8 Wenn einer den andern einer Veruntreuung beschuldigt, es handle sich um Rind oder Esel oder Schaf oder Kleider oder um etwas, was sonst noch verloren gegangen ist, so soll beider Sache vor Gott kommen. Wen Gott für schuldig erklärt, der soll's seinem Nächsten zweifach erstatten.
9 Wenn jemand seinem Nächsten einen Esel oder ein Rind oder ein Schaf oder irgendein Stück Vieh in Obhut gibt und es stirbt ihm oder kommt zu Schaden oder wird ihm weggetrieben, ohne dass es jemand sieht,
10 so soll es unter ihnen zum Eid vor dem HERRN kommen, ob er nicht etwa seine Hand an seines Nächsten Habe gelegt hat, und der Besitzer soll es hinnehmen, sodass jener nicht Ersatz zu leisten braucht.
11 Stiehlt es ihm aber ein Dieb, so soll er's dem Besitzer ersetzen.
12 Wird es zerrissen, so soll er es zum Zeugnis herbeibringen und nicht ersetzen.
13 Wenn es jemand von seinem Nächsten leiht und es kommt zu Schaden oder stirbt, wenn der Besitzer nicht dabei ist, so soll er's ersetzen.
14 Ist aber der Besitzer dabei, soll er's nicht ersetzen.

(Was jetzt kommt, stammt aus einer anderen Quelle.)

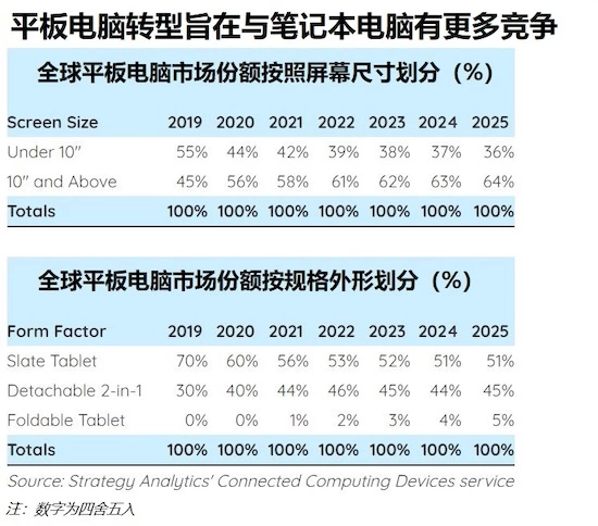 mini以外的所有Apple当前的iPad型号)的销量增加。报告指出,尽管平板电脑的销量在未来几年可能会保持平稳,但随着笔记本电脑替代品的出现,竞争将更加激烈。
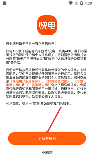 1、在快电APP的用户协议页面,点击【同意并继续】按钮,即可完成协议确认并进入应用的主界面。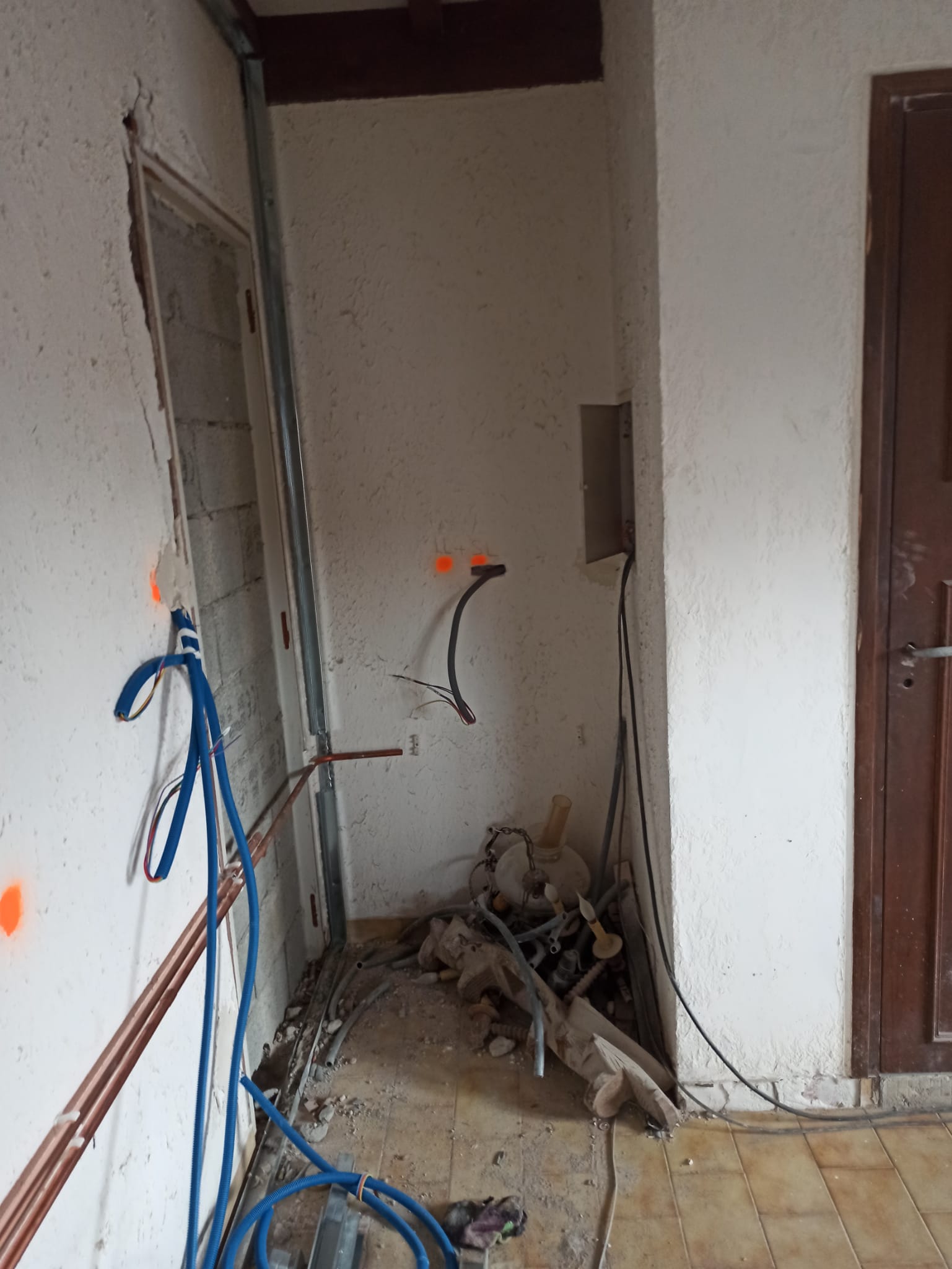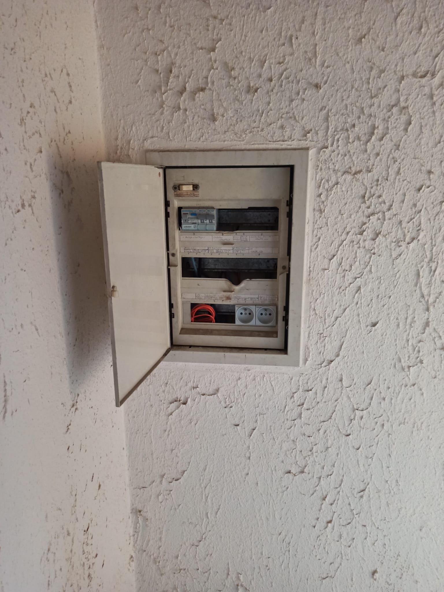 Chantier situé à Cantepau, rue Général Desaix à Albi. Rénovation et mise en conformité d’un tableau électrique et d’une installation électrique monophasée. Cuisine, séjour, garage, avec réalisations de saignées, rebouchées au plâtre et enduits.

Wenn es gemietet ist, so soll es auf den Mietpreis angerechnet werden.
15 Wenn jemand eine Jungfrau beredet, die noch nicht verlobt ist, und ihr beiwohnt, so soll er den Brautpreis für sie geben und sie zur Frau nehmen.
16 Weigert sich aber ihr Vater, sie ihm zu geben, so soll er Geld darwägen, soviel einer Jungfrau als Brautpreis gebührt.

Todeswürdige Vergehen

17 Die Zauberinnen sollst du nicht am Leben lassen.
18 Wer einem Vieh beiwohnt, der soll des Todes sterben.
19 Wer den Göttern opfert und nicht dem HERRN allein, der soll dem Bann verfallen.

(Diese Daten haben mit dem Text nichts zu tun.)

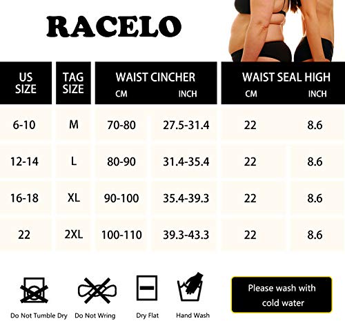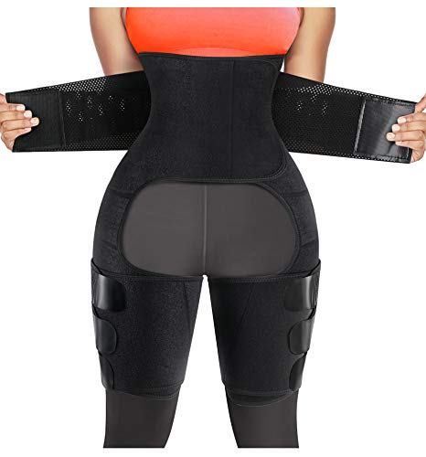 RACELO 3 in 1 Sauna Waist Trainer Butt Lifter Thigh Trimmer Sweat Body Shaper Exercise Wrap Stomach for Women Workout Sports (Black, L)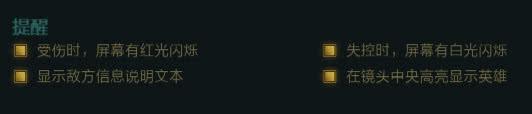 提醒推荐全部点满,如果你的镜头移到其他位置,被攻击时会收到提示。高亮显示英雄就是按住空格会在自己英雄的头上显示标记,尤其是在团战中效果显著,新手玩家最好点上。显示敌方信息说明文本的效果是,鼠标移动到野怪等生物上时会显示说明,可以帮助玩家熟悉野区,推荐新手点上。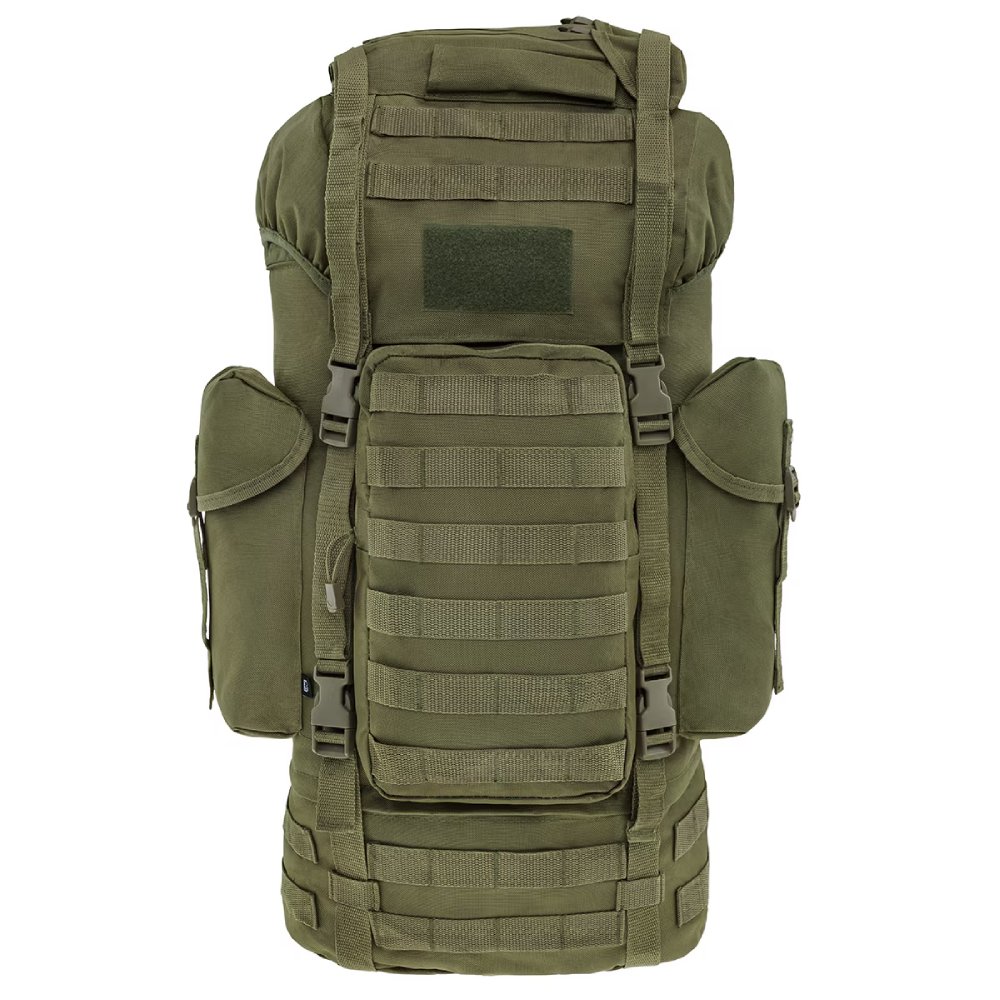 Brandit Kampfrucksack Combat MOLLE Olive to solidny, 65-litrowy plecak w wojskowym stylu, zaprojektowany do długich wypraw, survivalu, biwaków i zastosowań taktycznych. Klasyczny oliwkowy kolor nadaje mu uniwersalny, militarny charakter, który sprawdzi się zarówno w terenie, jak i w codziennym użytkowaniu.

Rechtsschutz für die Schwachen

20 Die Fremdlinge sollst du nicht bedrängen und bedrücken; denn ihr seid auch Fremdlinge in Ägyptenland gewesen.
21 Ihr sollt Witwen und Waisen nicht bedrücken.
22 Wirst du sie bedrücken und werden sie zu mir schreien, so werde ich ihr Schreien erhören.
23 Dann wird mein Zorn entbrennen, dass ich euch mit dem Schwert töte und eure Frauen zu Witwen und eure Kinder zu Waisen werden.
24 Wenn du Geld verleihst an einen aus meinem Volk, an einen Armen neben dir, so sollst du an ihm nicht wie ein Wucherer handeln; du sollst keinerlei Zinsen von ihm nehmen.
25 Wenn du den Mantel deines Nächsten zum Pfande nimmst, sollst du ihn wiedergeben, ehe die Sonne untergeht,
26 denn sein Mantel ist seine einzige Decke für seinen Leib; worin soll er sonst schlafen? Wird er aber zu mir schreien, so werde ich ihn erhören; denn ich bin gnädig.

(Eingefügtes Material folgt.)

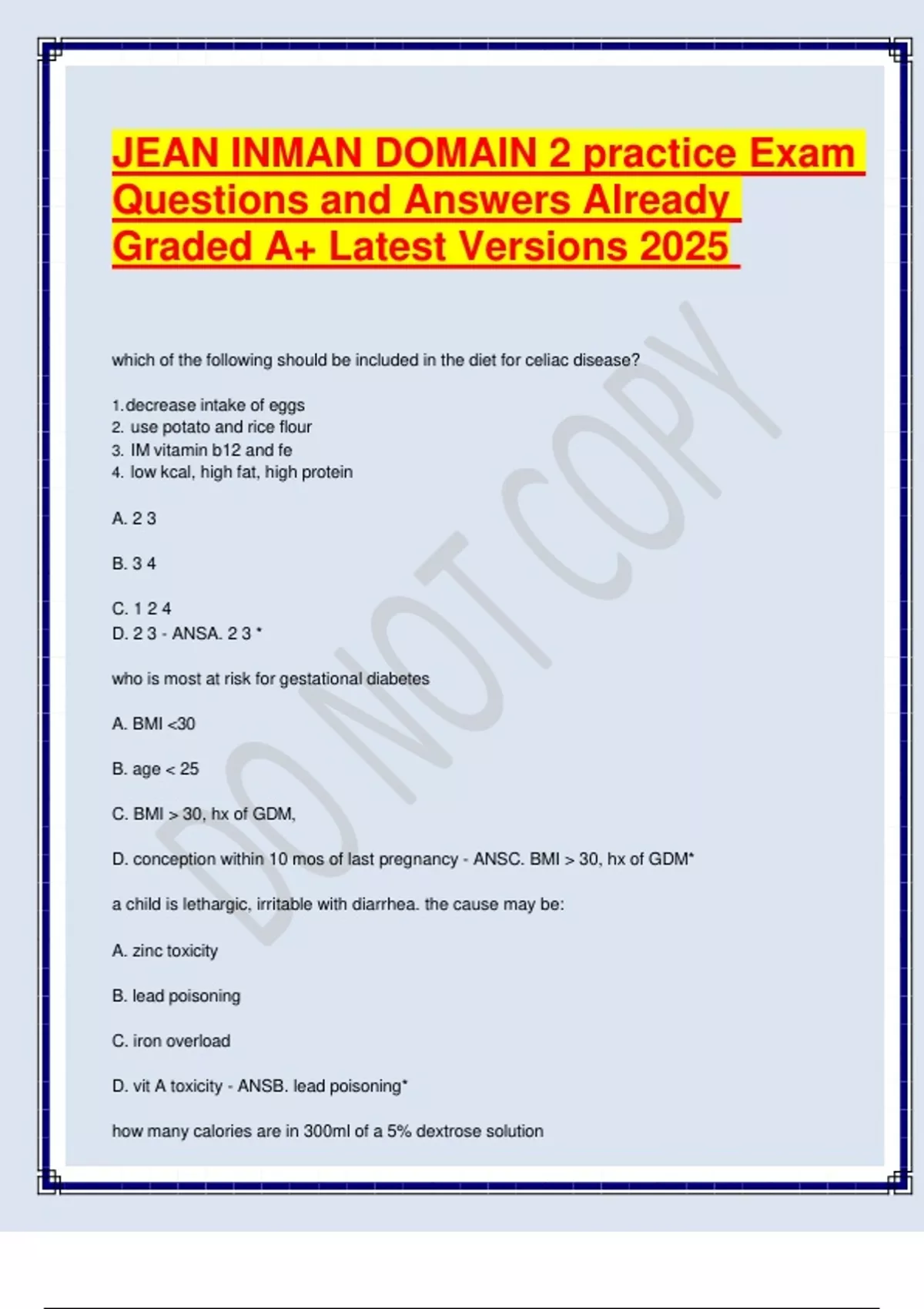 JEAN INMAN DOMAIN 2 practice Exam Questions and Answers Already Graded A+ Latest Versions 2025

Einzelne Gebote der Gottesfurcht

27 Gott sollst du nicht lästern, und einem Obersten in deinem Volk sollst du nicht fluchen.
28 Den Ertrag deines Feldes und den Überfluss deines Weinberges sollst du nicht zurückhalten. Deinen ersten Sohn sollst du mir geben.
29 So sollst du auch tun mit deinem Stier und deinem Kleinvieh. Sieben Tage lass es bei seiner Mutter sein, am achten Tage sollst du es mir geben.
30 Ihr sollt mir heilige Leute sein; darum sollt ihr kein Fleisch essen, das auf dem Felde von Tieren zerrissen ist, sondern es vor die Hunde werfen.